Afghanistan: Even After 200 Years
http://www.timesonline.co.uk/tol/comment/columnists/ben_macintyre/article5141513.ece
Elphinstone, the first European diplomatic envoy sent to Afghanistan, had been dispatched from Delhi to coax the “King of Caubul” into an alliance against Napoleon, to explore this terra incognita, and - in the unlikely event that he survived - to report back to London on the “wild and strange” land beyond the mountains.
For a month Elphinstone slogged through the desert wastes, encountering bandits, warring clans and ferocious tribal chiefs off their heads on opium and alcohol who could be spoken to only in the early afternoon, that being the “interval between sobriety and absolute stupefaction”. For guidance, he had to rely on accounts of Alexander the Great's expedition, written more than 2,000 years earlier.
Afghanistan, he wrote, could be understood only through its kaleidoscopic tribal structures. “The societies into which the nation is divided possess within themselves a principle of repulsion and disunion too strong to be overcome,” he noted.

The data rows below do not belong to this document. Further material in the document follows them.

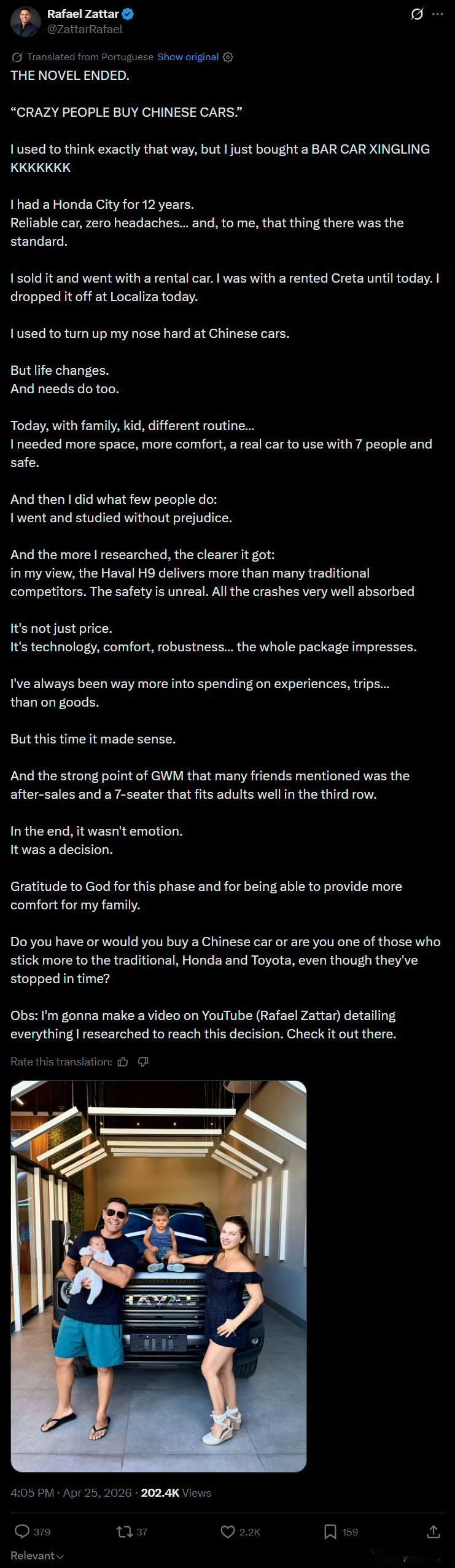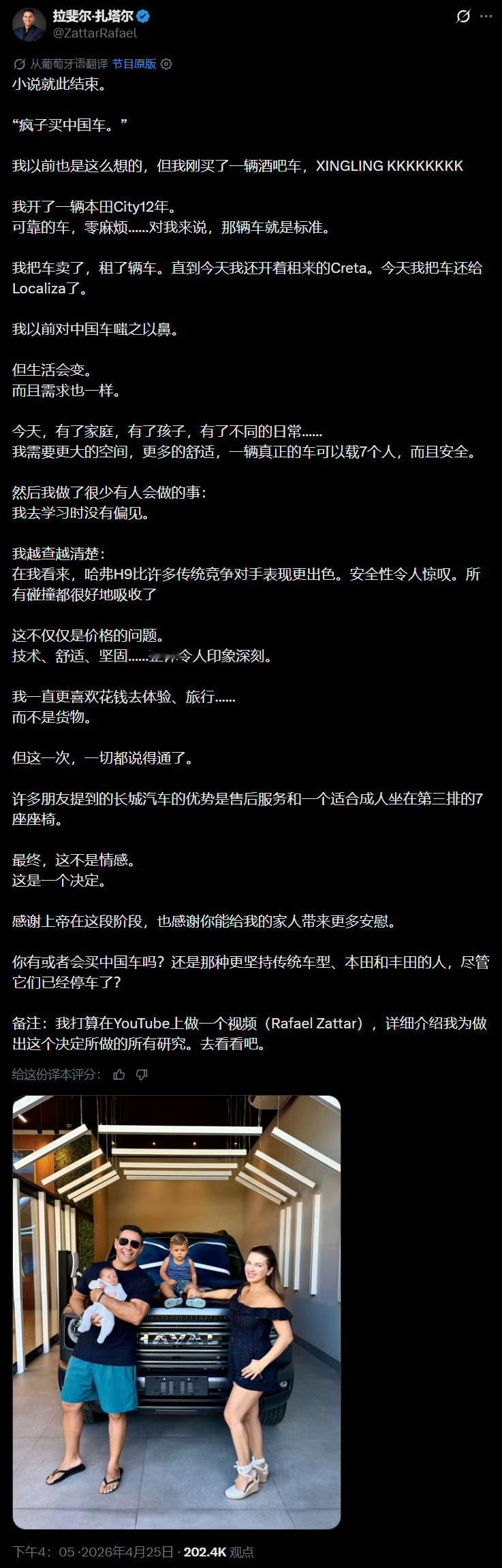 下图是巴西知名财经博主Rafael Zattar自己写的亲身经历:他以前一直各种瞧不上中国车,觉得“只有疯子才会买中国车”。他自己开了12年的车是Honda,从来不考虑其他品牌,对中国车更是直接鼻子朝天。现在家里添了孩子,需要一台真正能坐7个成年人的大空间SUV。好在他放下偏见重新研究了自己的需求和当下的车市,直接下手买了哈弗H9,现在真香了。他还准备开视频专题介绍自己的真香系列。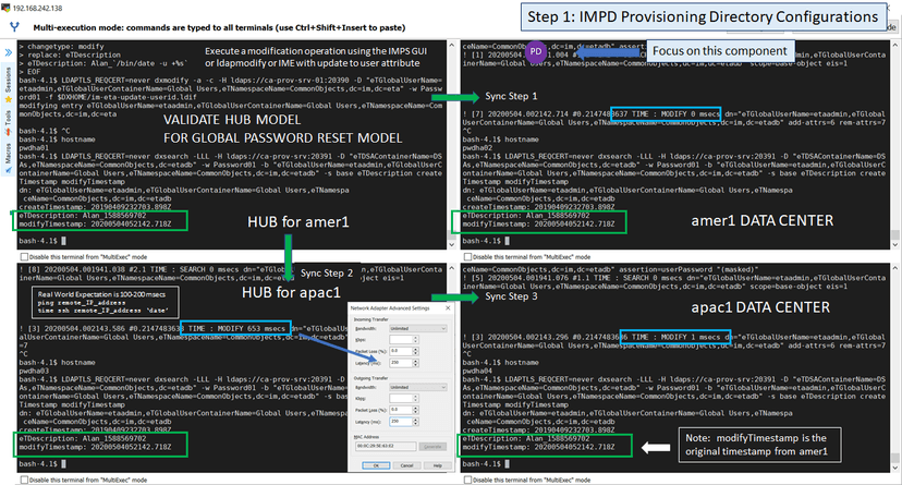 The second challenge was a deployment challenge of the IMPS component for its embedded "registry files/folders". The prior embedded copy process was observed to be using standard "scp". With a WAN latency, the scp copy operation may take more than 30 seconds. Our testing with the Virtual Appliance showed that a simple copy would take over two (2) minutes for multiple small files. After reviewing with CA support/engineering, they provided an updated copy process using "rsync" that speeds up copy performance by >100x. Before this update, the impact was provisioning tier deployment would fail and partial rollback would occur.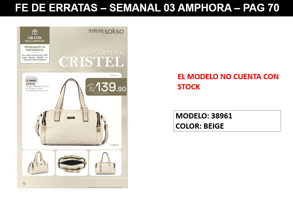EL MODELO 38961 YA NO CUENTA CON STOCK

When the British marched into Afghanistan to bring about regime-change a few years later, Elphinstone, now in retirement, advised that the venture was hopeless.
There are small signs that the realities Elphinstone understood two centuries ago may finally be sinking in: General David Petraeus, fresh from Iraq, plans to enlist tribal leaders against the Taleban; a political settlement, John Hutton, the Defence Secretary, insists, is essential to a long-term peace.
Before he [Obama] sets off, he might ponder the insights of the very first emissary to that beautiful and benighted place, and the words of an Afghan tribal elder who accosted Mountstuart Elphinstone, two centuries ago, to explain his turbulent world.
“We are content with discord, we are content with alarms, we are content with blood,” the old man said. “But we will never be content with a master.”